I’m trying to upsert some data from a list into a Pinecone index with the following code:
tokenizer = BertTokenizer.from_pretrained("bert-base-uncased")
model = BertModel.from_pretrained("bert-base-uncased")
def generate_embeddings(text):
inputs = tokenizer(text, return_tensors="pt")
outputs = model(**inputs)
embeddings = outputs.last_hidden_state.mean(dim=1).squeeze().detach().numpy()
return embeddings
embeddings = [generate_embeddings(article) for article in article_content]

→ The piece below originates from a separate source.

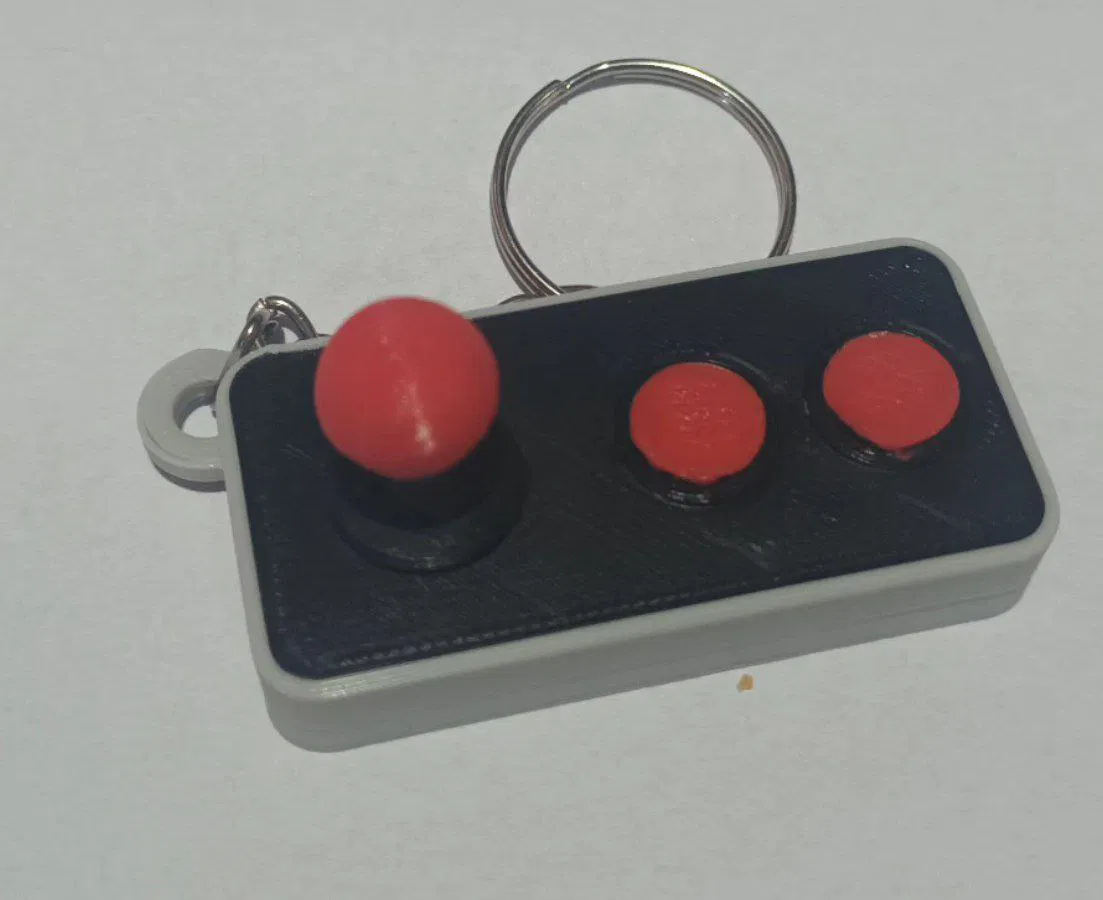 In móc khóa cần điều khiển arcade theo từng bộ phận riêng biệt theo màu sắc. Các nút bấm có thể in bằng chức năng thay đổi vật liệu. Phần đế đen cần điều chỉnh độ giãn ngang âm -0.1, các bộ phận khác in như bình thường.

pc = Pinecone(api_key="API_KEY")
pc.create_index(
name="index-name",
dimension=4096, # Replace with your model dimensions
metric="cosine", # Replace with your model metric
spec=ServerlessSpec(
cloud="aws",
region="us-east-1"
)
)
index = pc.Index("index-name")
index.upsert(embeddings)
but I’m getting the following error:
Traceback (most recent call last):
File "c:Userstvishllama api.py", line 158, in <module>
index.upsert(embeddings)
File "C:UserstvishAppDataLocalPackagesPythonSoftwareFoundation.Python.3.11_qbz5n2kfra8p0LocalCachelocal-packagesPython311site-packagespineconeutilserror_handling.py", line 11, in inner_func
return func(*args, **kwargs)
^^^^^^^^^^^^^^^^^^^^^
File "C:UserstvishAppDataLocalPackagesPythonSoftwareFoundation.Python.3.11_qbz5n2kfra8p0LocalCachelocal-packagesPython311site-packagespineconedataindex.py", line 175, in upsert
return self._upsert_batch(vectors, namespace, _check_type, **kwargs)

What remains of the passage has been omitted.